Diana nodded. "Understood," she said. "If you want my final confession, I ran after Hoffman because he's the last piece of my past. Not a very nice piece, sure, but he's all I have left and he's better than nothing."
"And he's been treatin' you okay?" asked Andrea, though Diana could see something extraordinarily fretful in the woman's eyes and knew that there was another implication there, couched in words she knew Andrea wouldn't say out loud in a million years.
"You might not believe me when I say this," she said, gently, "but he does have some honour, and that's something he'd never do. If you wanna know the truth, he's actually been pretty protective." Diana paused, smiled ruefully at an old memory, debated briefly with herself and decided to voice it. "When I was fifteen, we hooked up with another group of survivors for a few days. One of the guys started hitting on me so Hoffman broke his arm in two places."
Andrea sat back, her spine ramrod straight, and for a heartbeat her expression was totally opaque. Then, against all expectation, she softened and slumped on the arm of the couch, leaning her head on one hand, though she continued to study Diana with some degree of wary apprehension writ across her face.

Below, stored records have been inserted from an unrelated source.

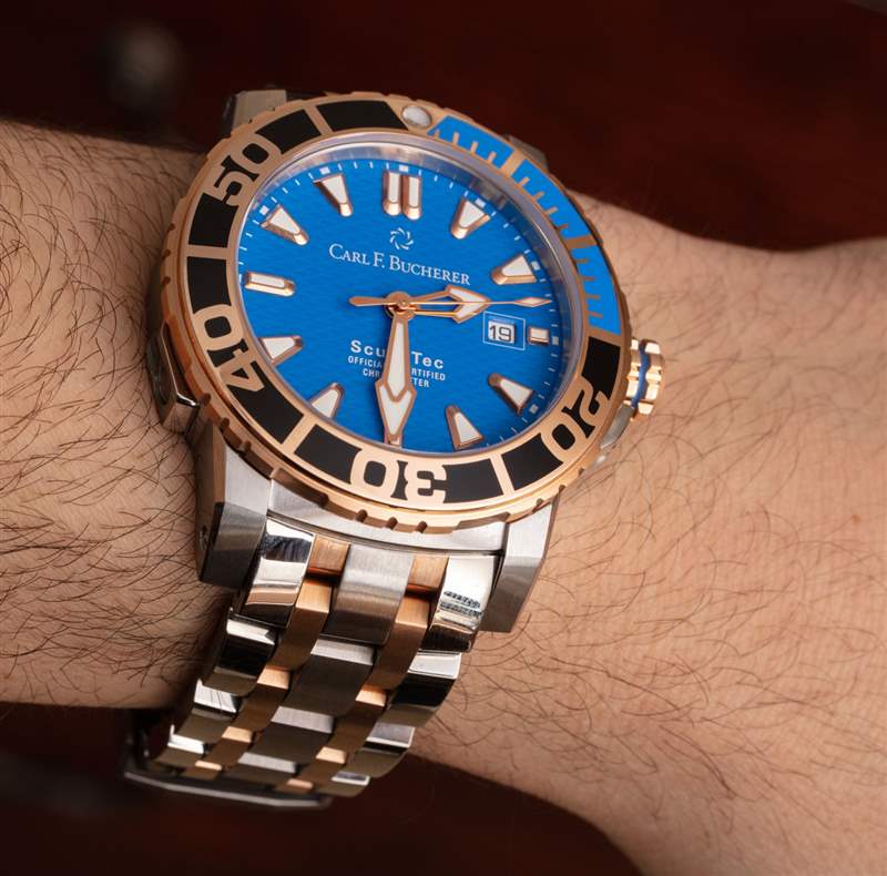 Patravi ScubaTec 是位于盧塞恩的Carl F. Bucherer 的高端潛水表系列。目前最受鐘表愛好者歡迎的就是Carl F. Bucherer款。與許多努力探索新設計的豪華時計一樣,Patravi ScubaTec 在近十年前最初發布時并沒有立即取得成功。今天,隨著 Carl F. Bucherer 將其大部分營銷重點轉移回西方(包括歐洲和美國),Patravi ScubaTec 等型號(此時手表有許多變體)將成為那些時計這將引起很多關注。今天,我回顧了一款帶有亮藍色表盤的雙色鋼和 18k 玫瑰金 Patravi ScubaTec,參考 00.10632.24.53.21。
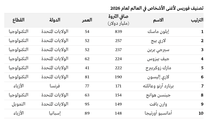 إيلون ماسك يتصدر قائمة فوربس لأغنى الأشخاص فى العالم لعام 2026
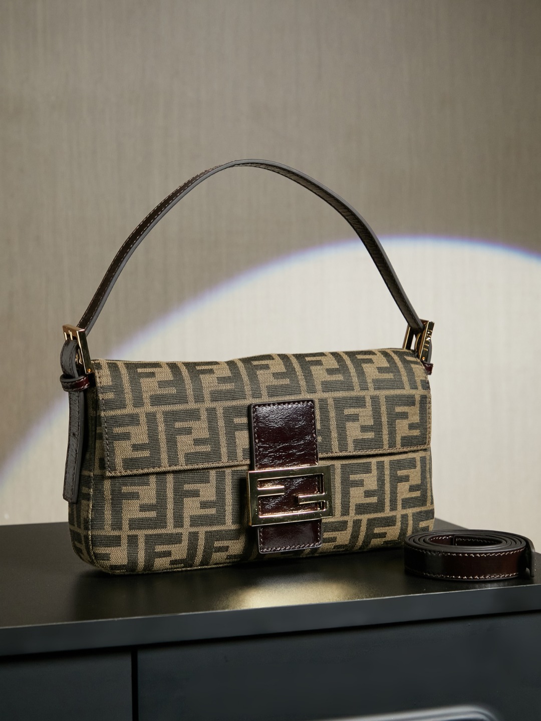 这款包包是AAAAA 1:1 质量 (非常棒). 使用了和原版一模一样的材料. 商标部分也保持了和芬迪/Fendi一样. 图片拍摄是实物包包拍摄, 您所收到的实物保证和我们图片一模一样.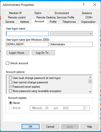 - Im Tool „AD Users and Computers“ die Accounts suchen und in deren Properties gehen

"Maybe I got him all wrong," she said, unexpectedly.
"No, you got him right, all we're talking about here is isolated incidents and a couple of technicalities," said Diana, calmly. "I'm not trying to convince you the guy's a saint, because he isn't. But he is a survivor, because that's all he's ever been."
"And what about you?"
"I'm a survivor, too," said Diana. "I learned from the best, after all."
"So, I just gotta ask," said Andrea, and now a look of slightly shameful curiosity flitted across her features. "How'd he lose that eye?"
Hoffman stepped between them like a wraith, grinned mirthlessly and then cocked his head at Diana.
"This stupid bitch shot me in the face," he said.